Окна лестничной клетки выходили во внутренний институтский дворик,там была площадка для торжественных мероприятий, а вокруг неё росли густые ели. Когда мы были на уровне второго этажа из дворика донеслись первые выстрелы. Деревья заслоняли обзор, началась паника и мы рванули наверх, сметая Верных, кто-то побежал вниз, стали стрелять уже на лестнице, очередями и одиночными – часто-часто. За нами никто не погнался, но стрельба внизу усиливалась. Мы сняли с петель чердачную дверь и ушли по крышам.

В тот день из тысячи человек спаслась лишь дюжина. Во всей Омпетианской Империи расстреляли студентов, учителей и священников. Тех, кому удалось спастись, не преследовали. Нас оставили жить и знать.

Что было потом – каждому известно. Что было потом – это то, что есть теперь.

Страшная, запуганная, грязная страна, в которой люди ненавидят друг друга и самих себя. Страна, которая забыла, что бывает иначе. Страна, которая уже давно пересекла ту черту, после которой иначе уже быть не может. Страна седой Миры, страна расстрелянных студентов, страна с постоянно работающим распознавателем “свой-чужой” где ты каждый раз оказываешься чужим.

Верные Делу Империи уже давно никого не расстреливают, в этом нет надобности. Страх, испытываемый каждым, кто здесь живёт занял в человеческих душах нишу, которую прежде занимала любовь люди стали бояться так, как раньше любили. Любовь потеснилась, а то и вовсе срослась со страхом в единое целое.

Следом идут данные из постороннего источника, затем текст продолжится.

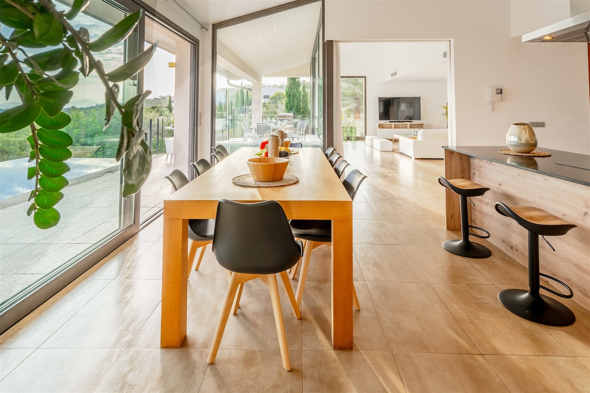 Moderne luxe villa met zwembad en spectaculair panoramisch uitzicht op de baai van Palma die opengaat zodra je de villa betreedt en wordt genoten van bijna elk verblijf, gelegen in een rustige en natuurlijke omgeving. Royale afmetingen waardoor de capaciteit voor twee families of een grote familie mogelijk is. Bij het Infinty-Pool Zwembad kunt u bij zonsondergang genieten in de bubbeljacuzzi. De veranda bij het zwembad zorgt voor ontbijt of BBQ bij zonsondergang :)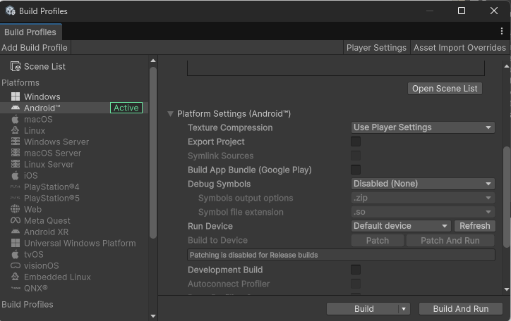 - Fileメニューから「Build Profiles」を選択します。表示された「Build Profiles」画面で「Android」を選択して「Switch Platform」ボタンをクリックします。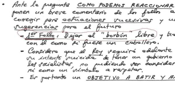 En dicho escrito detallan una serie de recomendaciones para actuar en “acciones sucesivas” y consideran que el rey pretendía seguir adelante con su “intento suicida” de tener un Gobierno con los socialistas. Dichos “militares españoles” afirman por ello que no puede ser considerado “ni como un símbolo a respetar. Es por tanto un objetivo a batir y anular”. Añaden que los militares “no están decepcionados por los acontecimientos del 23-F y que no es el momento de hacer críticas de lo que debieron hacer los heroicos camaradas de armas y sí en cambio analizar qué es lo que habrá que hacer de ahora en adelante”.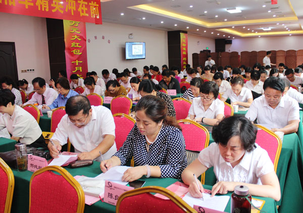 随着营销部陈柯经理走上讲台对“决战金秋 冲刺千万”十月方案宣导及运作部署,会议走进高潮,各个精英摩拳擦掌,精神抖擞,都争先恐后冲上讲台签署责任状;并以每人签下责任状拍照为证。最后湖南泛华总经理成辉旗走上台为决战金秋做战前总动员,在结束讲话后问了一声“王侯将相,宁有种乎”。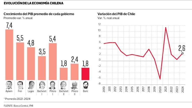 En este escenario, y dependiendo del comportamiento que tenga la economía este 2025, el gobierno de Boric podría librarse de transformarse en la administración que ostente la más baja tasa de crecimiento desde el retorno de la democracia.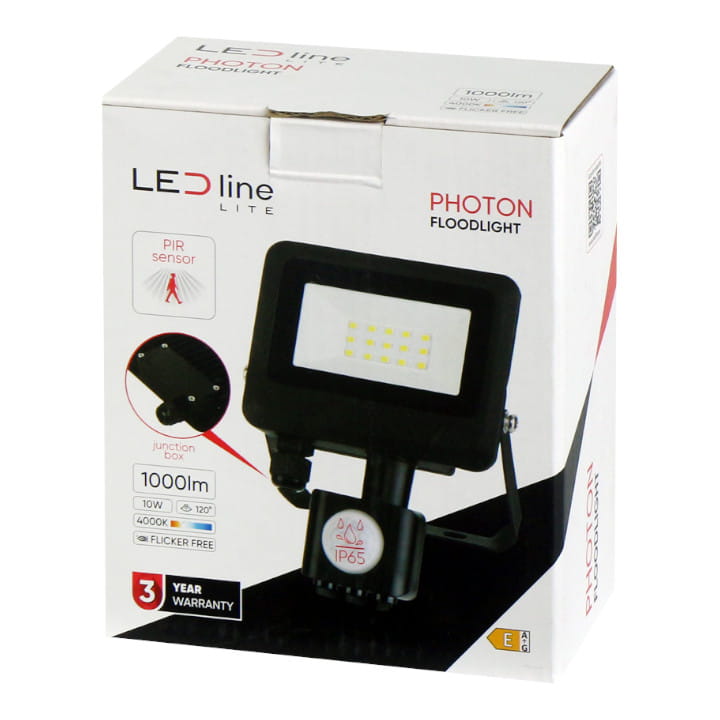 Profesjonalny naświetlacz halogenowy LED z wbudowanym czujnikiem PIR, o strumieniu świetlnym 1000 lumenów, w neutralnej barwie światła.

Человек, который любит страхом и боится любовью населяет теперь весь Омпетиан от Северного Полюса до Южного Океана. Лозунги уже никого не переубедят – убеждалки атрофировались.

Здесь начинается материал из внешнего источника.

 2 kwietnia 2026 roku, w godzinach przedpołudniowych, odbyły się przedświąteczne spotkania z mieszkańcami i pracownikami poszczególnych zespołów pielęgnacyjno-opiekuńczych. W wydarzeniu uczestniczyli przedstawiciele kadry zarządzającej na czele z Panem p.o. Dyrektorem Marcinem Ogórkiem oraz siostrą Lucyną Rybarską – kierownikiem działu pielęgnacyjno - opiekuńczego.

Во мне и таких, как я, не расстрелянных вовремя, любовь и страх пока ещё живут отдельно. Живут и работают – да, на наших могилах можно будет как на старом служивом доме сделать табличку – здесь жили и работали любовь и страх.

Любовь и страх – наше Подполье.

Пару лет назад нам удалось собрать передатчик. Мы спрятали его во внутренней отделке катафалка. Это – моя служебная машина. Огромный чёрный автомобиль, сейчас такие уже редкость. Нас трое – бывший учитель физики, ныне владелец похоронного бюро, бывший священник, ныне бальзамировщик и я – бывший почти учитель литературы.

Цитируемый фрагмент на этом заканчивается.